Records drawn from a dataset
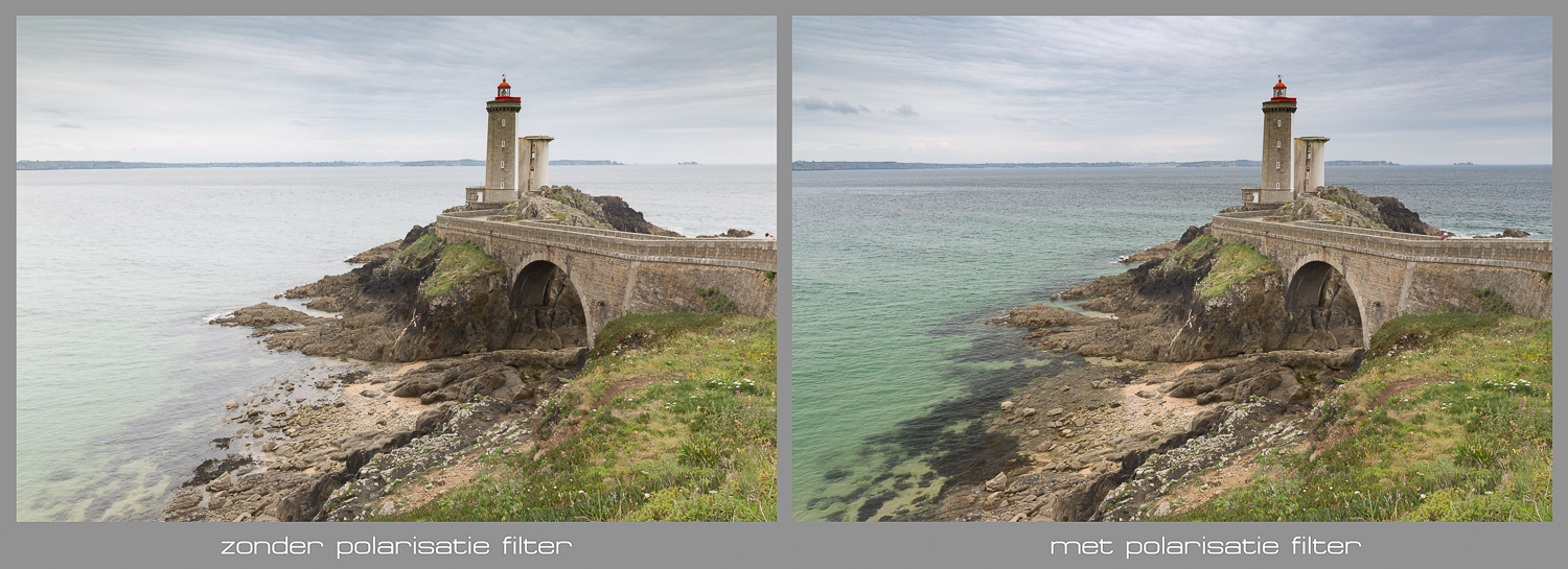 Waarom we de polarisatiefilter gebruiken zie je op de beelden hieronder. Je kan nu door het water kijken en geeft een meer levendige foto.
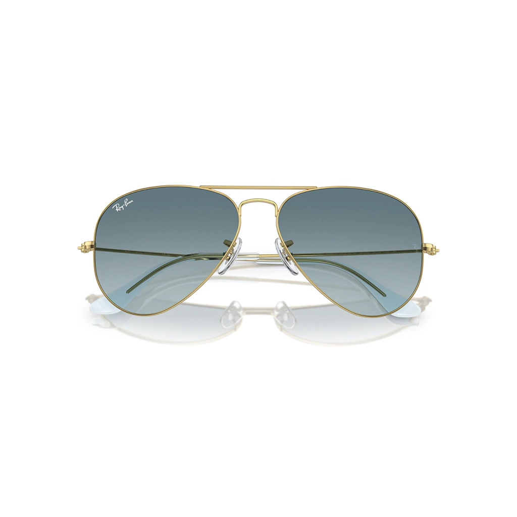 Los lentes de sol Ray-Ban RB3025 Aviator Gradient siempre han sido los favoritos de los pilotos. Desde su diseño original en 1937, los Aviator se volvieron un ícono. Esta versión viene con un giro contemporáneo a través del armazón de metal con varillas doradas y micas en azul degradé.
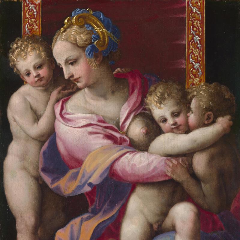 The personification of Charity has been depicted in a number of different ways. The image of a woman nurturing several children was first developed in Italy in the 14th century; it became the one most commonly used in later art.
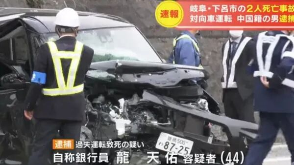最近,在日本名古屋附近发生了一起两辆小轿车迎头相撞的惨烈事故!两名70多岁的女性不幸身亡。据日媒报道,肇事司机是一名44岁的中国籍男子龙某,自称是银行职员,最近一家四口到日本旅游。
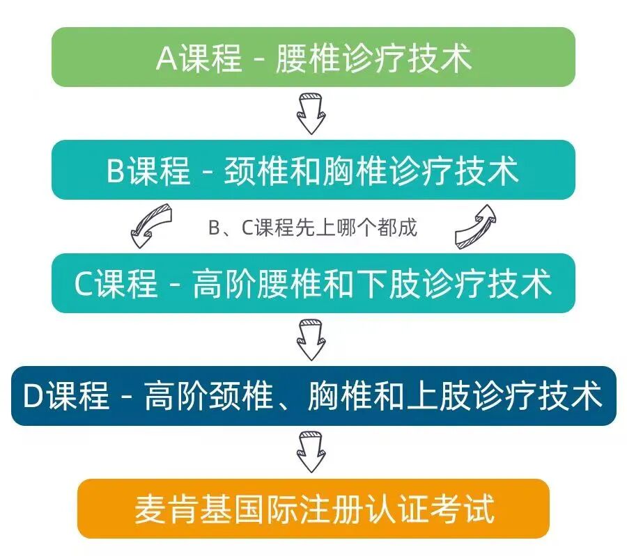 取得A、B、C、D四门课程证书的学员,有资格参加麦肯基国际学院(THEMCKENZIE INSTITUTE INTERNATIONAL®)开设的注册认证考试,通过考试后可以取得麦肯基国际学院全球注册的Credentialled MDT称号(Mechanical Diagnosis and Therapy®),拥有该称号的临床工作者的个人信息将被收录至麦肯基国际学院官方网站的注册名录中,并可以选择继续参加麦肯基国际学院开设的力学诊疗文凭课程Dip. MDT(The Diploma in Mechanical Diagnosisand Therapy®)。
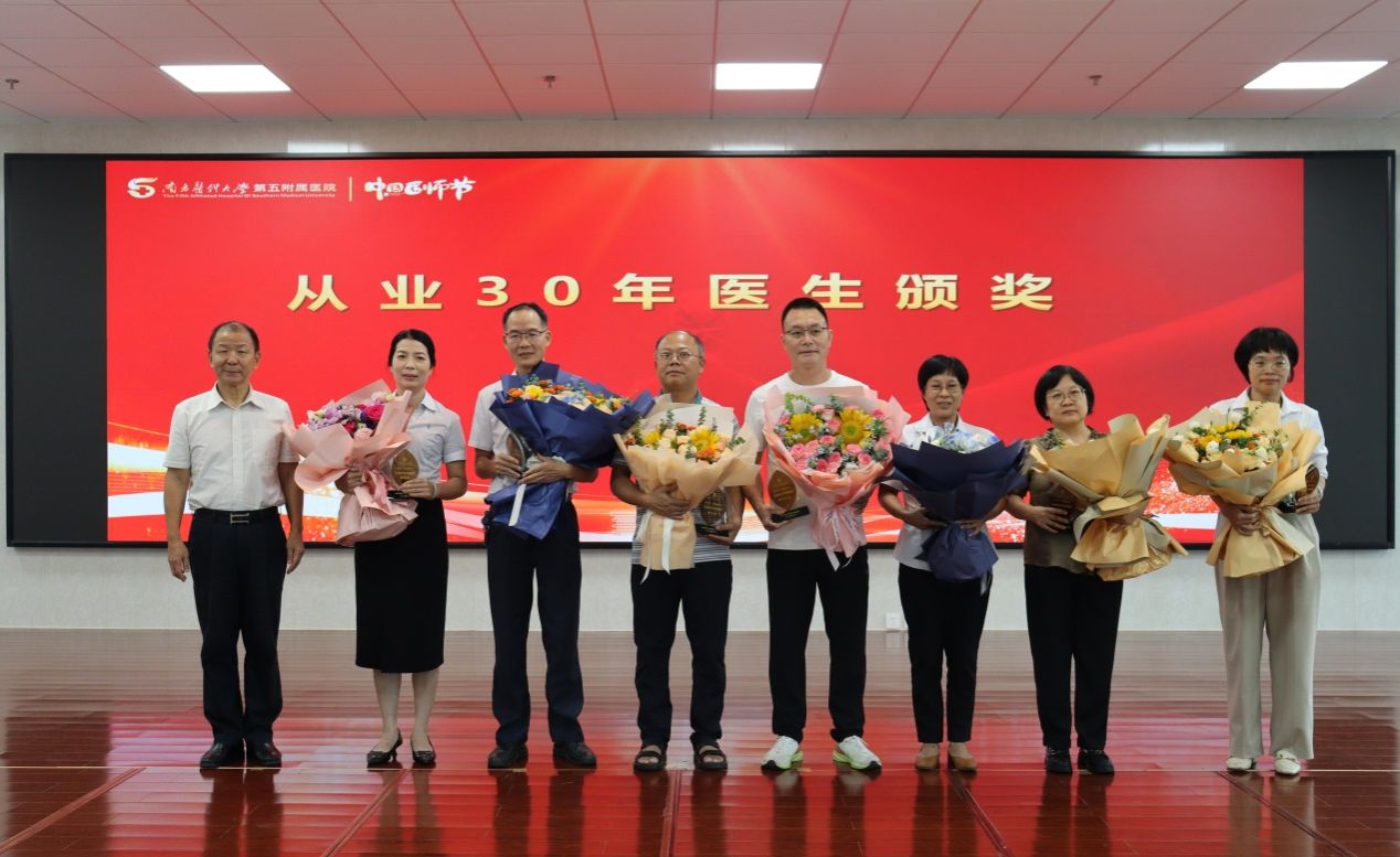 8月19日下午,第五附属医院举行2024年“中国医师节”表彰大会。医院全体院领导班子,管理职能部门负责人,各科室主任、护士长、党支部书记、科室代表及受表彰人员参加了会议。
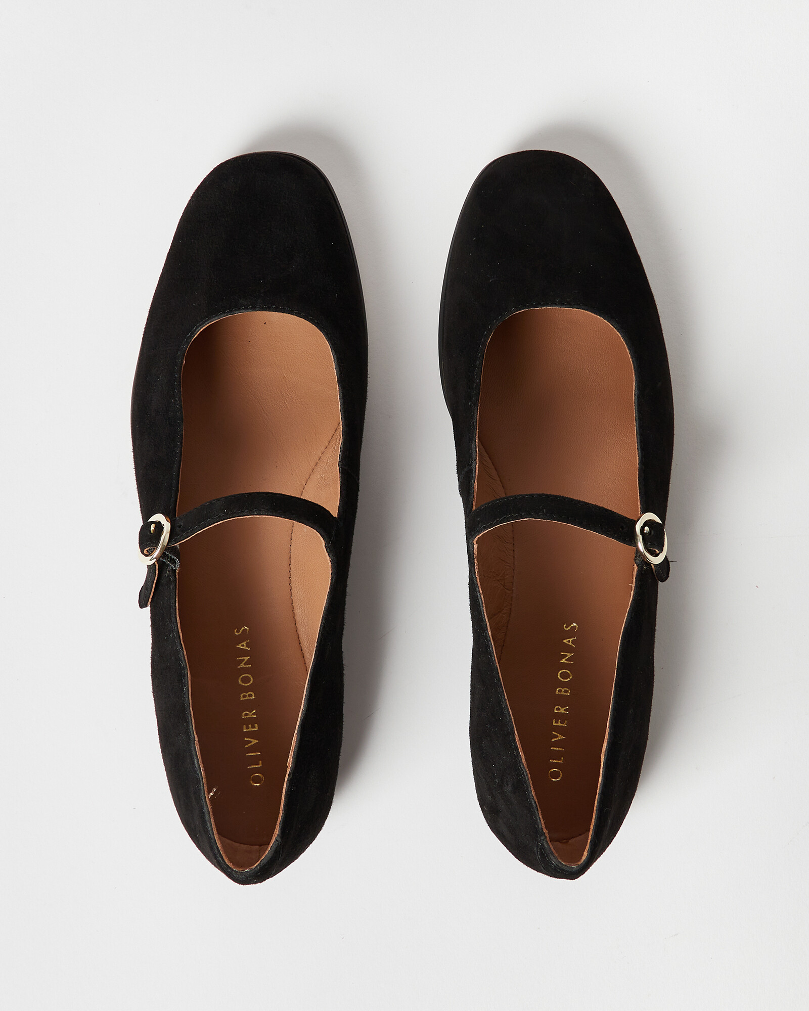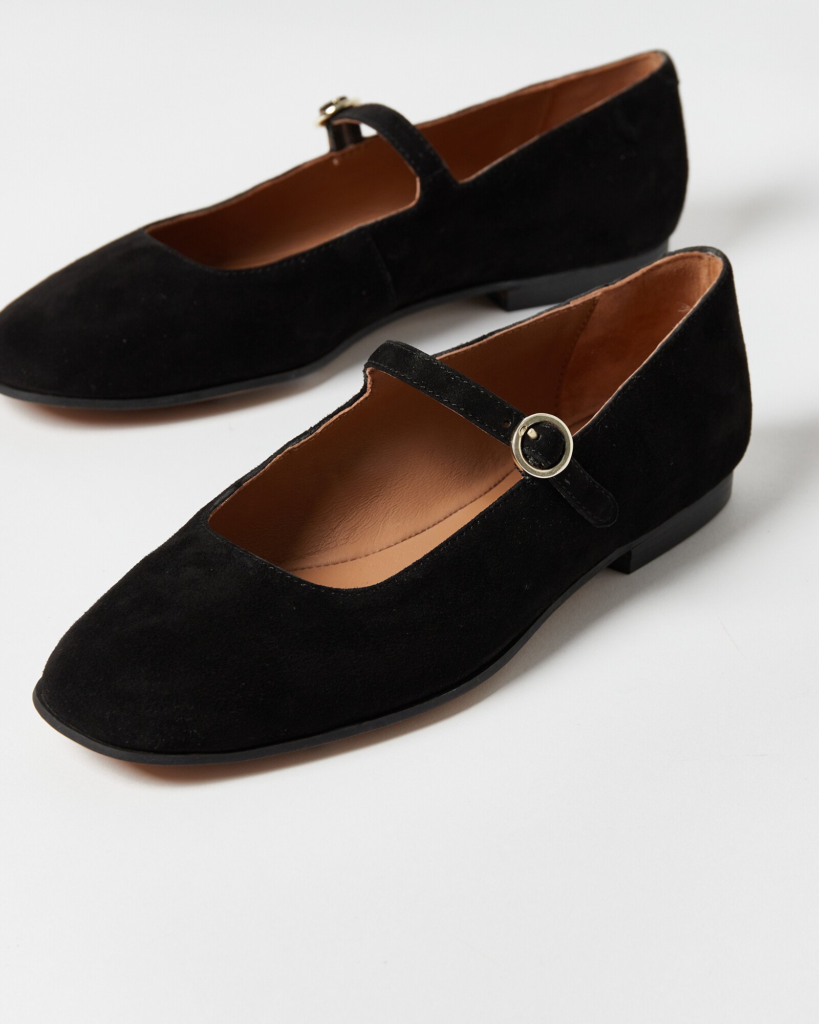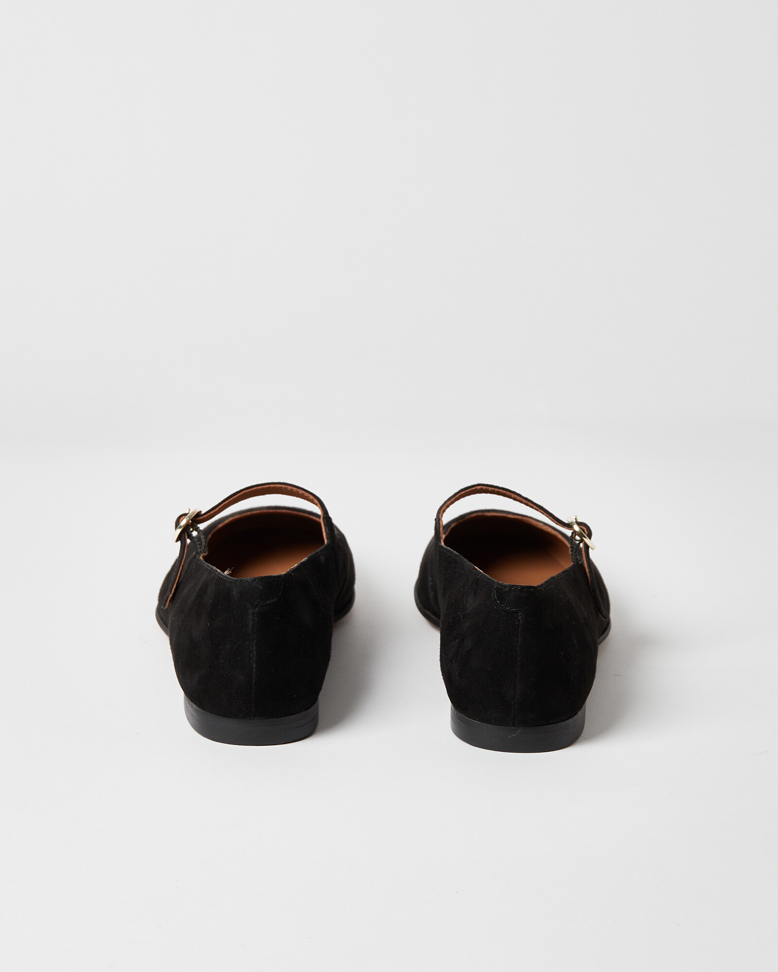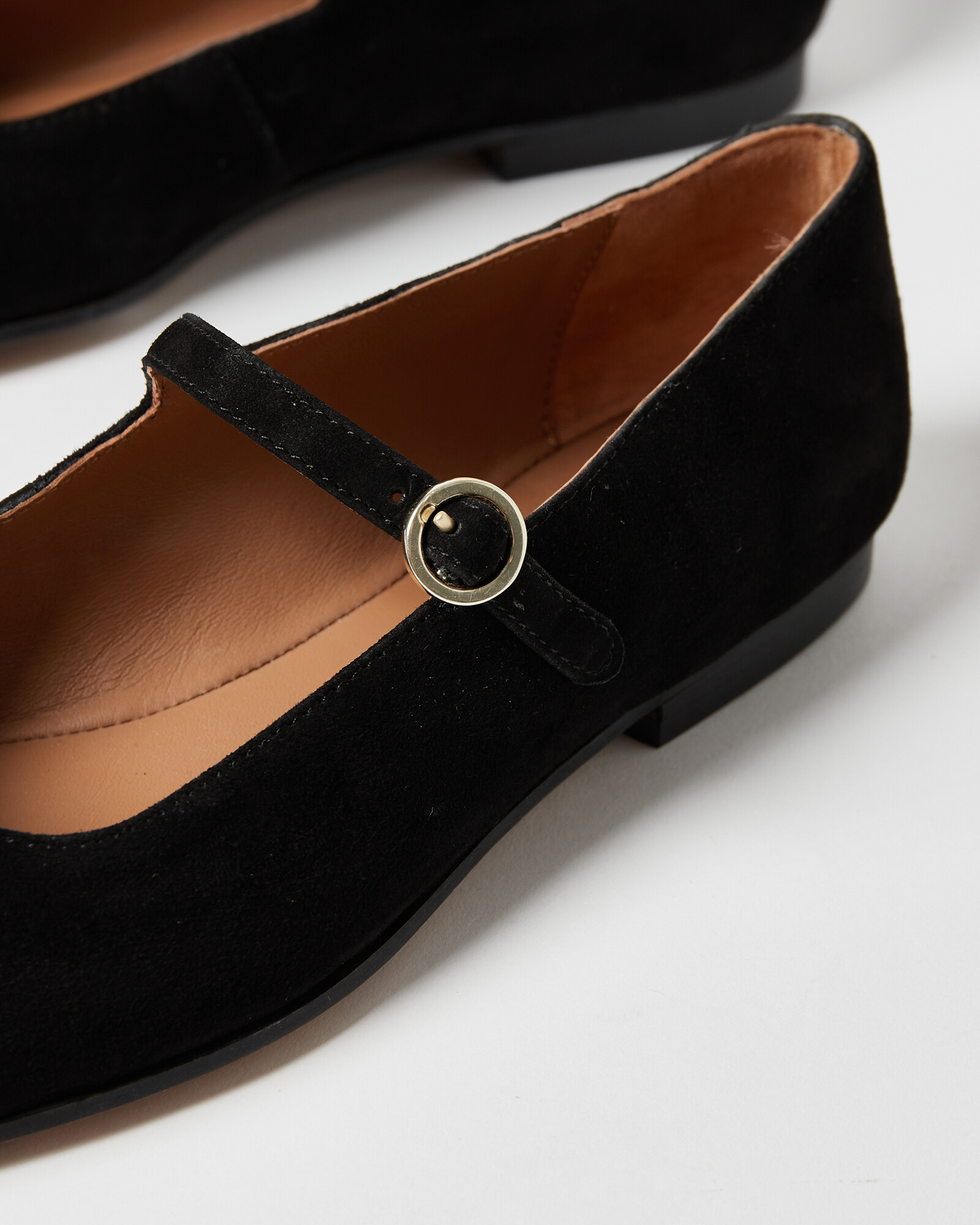In a classic silhouette, these Mary Jane shoes feature a black strap across the ankle with square toes and gold-toned buckle, finished in a black suede leather material.

■ Work instruction
May I have only the lines from the start of the data through the line containing "Los lentes de", both included, reproduced exactly and without the pictures?

■ Solution to this task
 Waarom we de polarisatiefilter gebruiken zie je op de beelden hieronder. Je kan nu door het water kijken en geeft een meer levendige foto.
 Los lentes de sol Ray-Ban RB3025 Aviator Gradient siempre han sido los favoritos de los pilotos. Desde su diseño original en 1937, los Aviator se volvieron un ícono. Esta versión viene con un giro contemporáneo a través del armazón de metal con varillas doradas y micas en azul degradé.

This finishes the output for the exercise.